KVEX-LP
- Saint Cloud, Minnesota; United States;
- Broadcast area: Saint Cloud; Sauk Rapids;
- Frequency: 97.5 MHz
- Branding: RadioX

Programming
- Format: Classic alternative rock

Ownership
- Owner: St. Cloud State University
- Sister stations: KVSC

History
- First air date: January 12, 2016

Technical information
- Licensing authority: FCC
- Facility ID: 194754
- Class: L1
- ERP: 45 watts
- HAAT: 44.4 meters (146 ft)
- Transmitter coordinates: 45°33′17.0″N 94°09′0.0″W﻿ / ﻿45.554722°N 94.150000°W
- Repeater: KVSC-HD2

Links
- Public license information: LMS
- Webcast: Listen live
- Website: 975radiox.com

= KVEX-LP =

KVEX-LP is a Classic Alternative Rock formatted low-power broadcast radio station licensed to Saint Cloud, Minnesota, serving Saint Cloud and Sauk Rapids in Minnesota. KVEX-LP is owned and operated by St. Cloud State University.

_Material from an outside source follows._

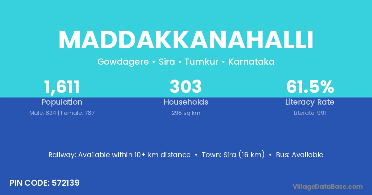 Sira (16 km) is the nearest town to Maddakkanahalli village for major economic activities and is located approximately 16 km away.

The station's transmitter is located atop Sherburne Hall on campus, shared with KZYS-LP.

==History==
The station launched on January 12, 2015, a collaboration with KVSC. It was created from scratch by a 2011 high school graduate from Hutchinson, Minnesota.
KVEX is entirely student-run, like most College radio stations. With 45 watts, the station's general range is 9 mi. The station's general intent is to fill a hole in programming in the St. Cloud radio market, with alternative rock programming.